Menkîbeler
Abdüllatif Uyan / abdullatif.uyan@tg.com.tr


Artık derse gelmiyceğim
29.04.2011

Abdullah bin Mübârek hazretleri, Sehl-i Tüsterî'ye gençliğinde ders okutuyor, kalbine feyizler akıtıyordu.

Sehl, bir gün geldiğinde;
"Hocam, ben bundan sonra sizin
dersinize gelemiyeceğim" dedi.

İbni Mübârek hazretleri;
"Neden yavrum?" deyince;

"Çünki sizin câriyeleriniz çok terbiyesiz. Dün sizin dama çıkmışlar, oradan bana; "benim Sehl'im, benim Sehlim!" diye seslenip, beni çağırıyorlardı" dedi.
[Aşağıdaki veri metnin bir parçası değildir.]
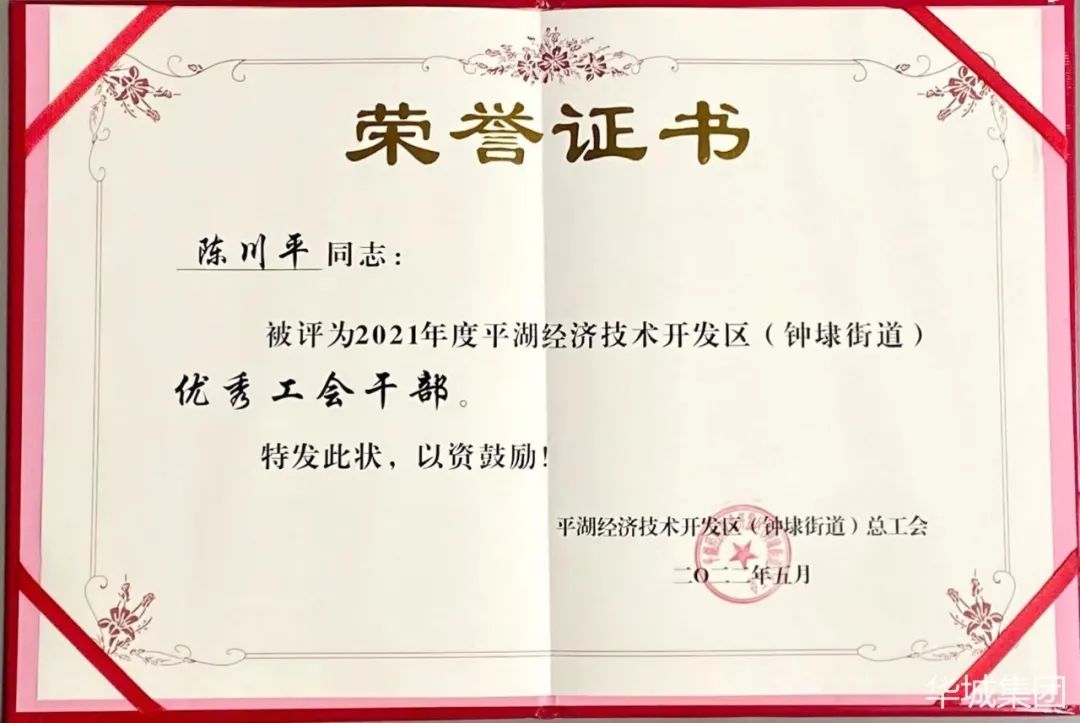 平湖華城茂麓制衣有限公司工會主席陳川平榮獲經開“優(yōu)秀工會干部”稱號。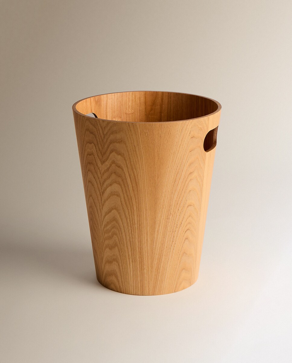 Balde do lixo para uso em escritório, fabricado em madeira, com um design funcional e linhas simples. Inclui duas asas laterais para facilitar o transporte e é adequada para gabinetes ou quartos, sendo compatível com diferentes tipos de mobiliário.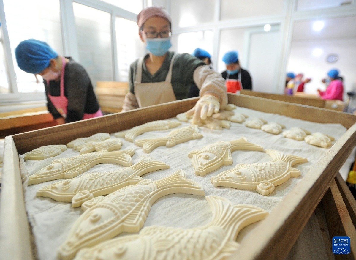 2019年1月31日,河北黄骅市一家面花作坊的工人在制作面花。新华社记者 牟宇 摄

Ve huzûrdan ayrıldı. İbni Mübârek hazretleri diğer talebelere;
"Haydi Sehlin cenâzesine gidelim!" buyurdu.

Talebeler;
"Sehl vefât mı etti?" dediler.
"Evet, benim câriyem yok. Onun gördüğü kızlar Cennet hûrileriydi ve onu Cennete çağırıyorlardı" buyurdu.

* * *

Bir gün Sehl-i Tüsterî hazretlerine;
"En büyük mutluluk nedir? diye sordular.

Cevâbında;
"İnsanları sevindirmektir ama bir şartla" buyurdu.

"O şart nedir?" dediler.
"Unutacaksınız, karşılık beklerseniz, o ticâret olur ki, hiç kıymeti olmaz" buyurdu.

* * *


Bir gün de bu zâta;
"İyi insan nasıl olur efendim?" dediler.

Cevâbında;
"İyi insan, herkesin ihtiyâç duyduğu kimsedir, su gibi, hava gibi, gıdâ gibi" buyurdu.

Yine buyurdu ki:
"Onun elinden ve dilinden kimseye zarar gelmez, kimseye yük olmaz, yük çeker. Güler yüzlüdür, onu gören ferahlar".